In all cases, the CNIL recommends documenting all these measures within a data protection impact analysis (DPIA), which will ensure that technical choices are consistent with the requirements of the GDPR.
- Assessing whether the AI model itself falls within the scope of the GDPR
At first glance, an AI model is “merely” a statistical representation of the characteristics of the training data. The model itself does not therefore contain a record of training data or other personal data. However, the CNIL points out that numerous studies have shown that certain models can memorize, and then potentially regurgitate or leak, personal data resulting from training. In such cases, models cannot be considered anonymous and are therefore subject to the GDPR.
The CNIL offers a methodology to determine whether an AI model can be considered anonymous, notably through a body of evidence and the conduct of concrete tests. The analysis is based on the model’s capacity to memorize, and then potentially regurgitate or extract, personal data resulting from the learning process, where such extraction is possible by means reasonably likely to be implemented.
The guidance distinguishes between two situations: that of the AI model supplier, and that of the system deployer based on a non-anonymous model. In both cases, documentation must be drawn up, including a description of the technical and organizational measures implemented to limit the risks of re-identification, the results of re-identification attack tests, and any impact analyses (AIPD) carried out. The CNIL specifies that this documentation must be presented to data protection authorities, in the event of an audit, to demonstrate that the risk of re-identification is insignificant.
The CNIL relies in particular on the recent opinion of the EDPB (opinion 28/2024), which addressed this very issue and points out that the anonymity of a model must be assessed on a case-by-case basis. In particular, it is necessary to assess the model’s resistance to white-box attacks, the reasonable impossibility of extracting personal data through queries, and the nature of the training data.

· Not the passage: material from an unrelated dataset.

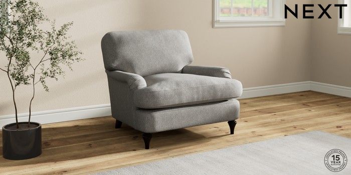 7.0.3 Buy Sadie Deep Relaxed Sit Armchair Tweedy Chenille Mid Grey High Slim Turned - Dark from the Next UK online shop Click here to use our accessible website
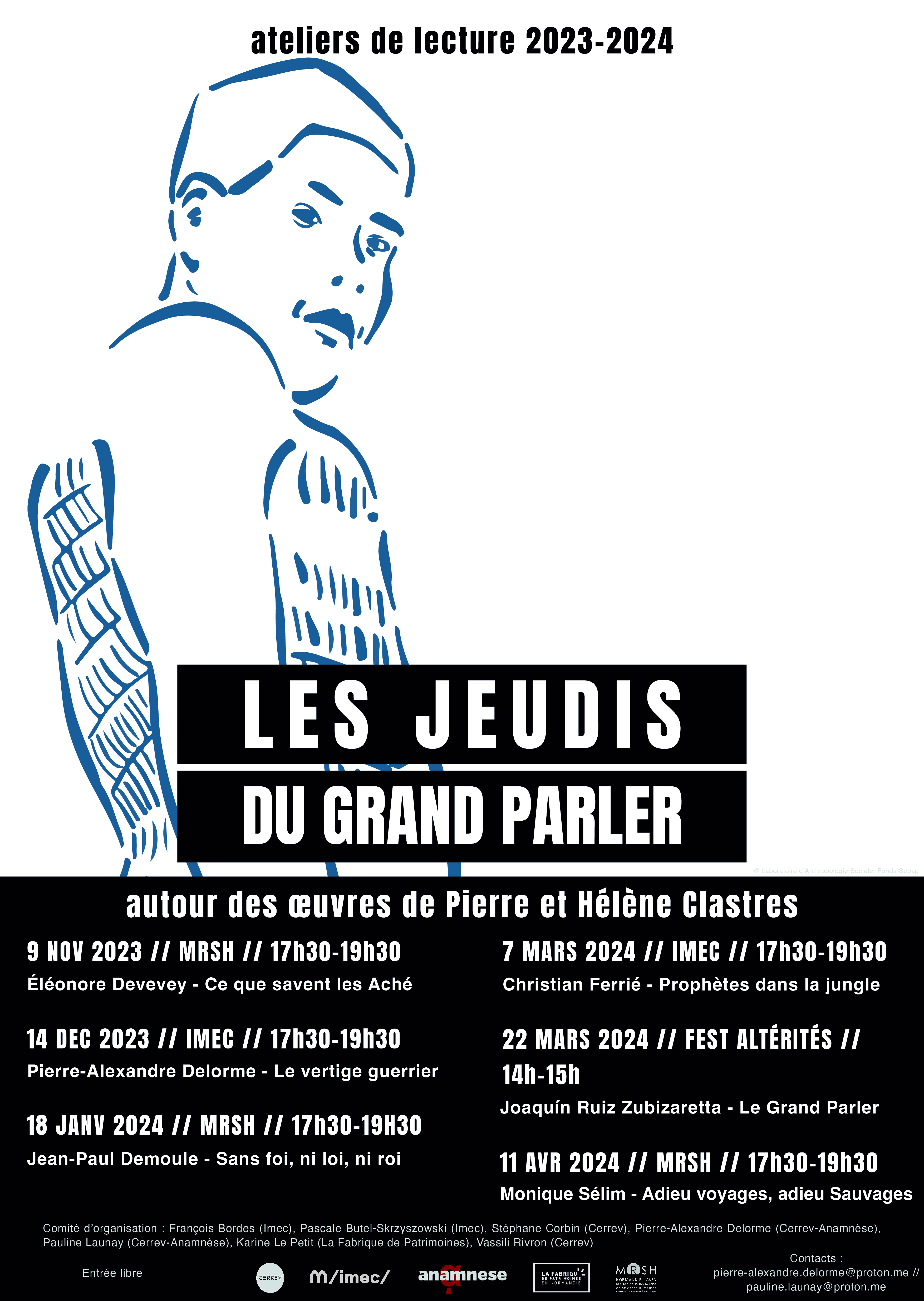 Les séances se dérouleront au cours de l’année 2023-2024, les jeudis de 17h30 à 19h30 à la MRSH de l’université de Caen et à l’Imec.

The guidance sheet also mentions the good practices expected in terms of technical documentation, data governance, transparency and security.
CNIL’s future work on AI
The authority has announced that it will be extending its work along several lines, including in particular:
- The development of sector-specific recommendations, adapted to the specificities of AI usage areas (health, education, human resources, security, etc.).
- Recommendations on the responsibilities of stakeholders in the AI value chain.
- Technical tools for professionals, such as the “PANAME” project to develop a software library for assessing whether or not a model processes personal data.
The CNIL has also posted a self-assessment tool for professionals on its website, in the form of a “checklist”. This tool should prove useful in practice, as taking up all the elements to be integrated – scattered throughout the 13 detailed sheets published since April 2024 – could prove particularly complex.